Makefile.am も編集し、そのパッケージのソースを追加しました ( ../YFolder/lib.c and lib.h)。しかし、効果的ではありません。誰でも私を助けてもらえますか？

編集：

私はフォルダー src/dynamic-preprocessor/sip にいます ファイルで関数を使用したい: src/sfutil/sfxHash.c 関数名は sfxhash_new(... ... ...) sfxHash.h を正しく含めました。Makefile.am にいくつかの変更を加えましたが、メインのメイクファイルはこれです。

私の Makefile.am ファイル:

alert tcp $HOME_NET any -> $EXTERNAL_NET any (msg:"COMMUNITY BOT IRC Traffic Detected By Nick Change"; flow: to_server, Established; content:"NICK "; nocase; offset: 0; depth: 5; flowbits:set, community_is_proto_irc; flowbits: noalert; classtype:misc-activity; sid:100000240; rev:3;)

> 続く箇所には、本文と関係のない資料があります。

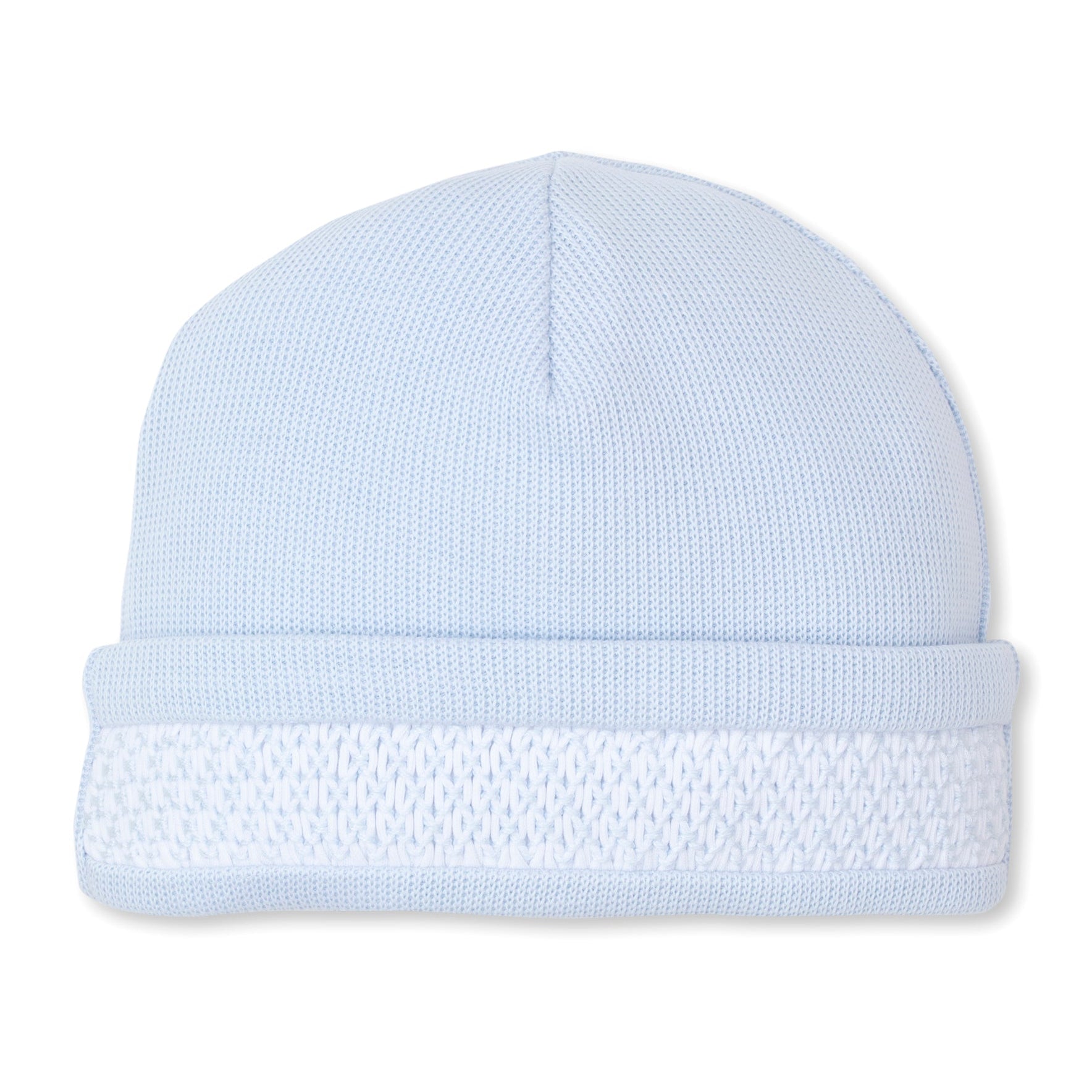 Auraluz Blue Knit Bonnet with White Picot Trim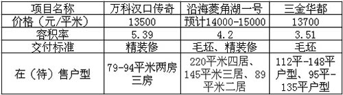 與菱角湖壹號(hào)一樣同屬菱角湖商圈的萬(wàn)科漢口傳奇,已于6月15號(hào)第一次加推,小編詢問(wèn)置業(yè)顧問(wèn)時(shí),置業(yè)顧問(wèn)表示預(yù)計(jì)也是明年年底交房,主要戶型為79-94平米兩房三房,全部為精裝修。

alert tcp $EXTERNAL_NET any -> $HOME_NET any (msg:"COMMUNITY BOT 内部 IRC サーバーが検出されました"; フロー: to_server、確立; フロービット:isset,community_is_proto_irc; クラスタイプ: ポリシー違反; sid:100000241; rev:2;)

alert tcp $HOME_NET any -> $EXTERNAL_NET any (msg:"内部ボットからの CHAT IRC メッセージ"; フロー: 確立; フロービット:isset,community_is_proto_irc; content:"PRIVMSG "; nocase; classtype:policy-violation; sid:1463; )

上記のルールは、任意の IRC ポートで IRC ボット/サーバーのアクティビティを追跡するために、 David Biancoによって作成されました。ただし、上記のルールは正常に機能しますが、問題があります。私の問題は、複数の IRC サーバー (一部は 7000 で動作し、もう 1 つは 6667 で動作) がネットワーク上で実行されている場合に発生します。それらの一部はルールの条件を達成し、Snort はアラートとそれらの一部 (または 1 つでも) を生成します。これらの条件を達成しないため、Snort は定義されたセットに関連するアラートを生成しません。ある種の違和感があると思います。その問題に関する提案はありますか？私はSnort 2.8に取り組んでいます。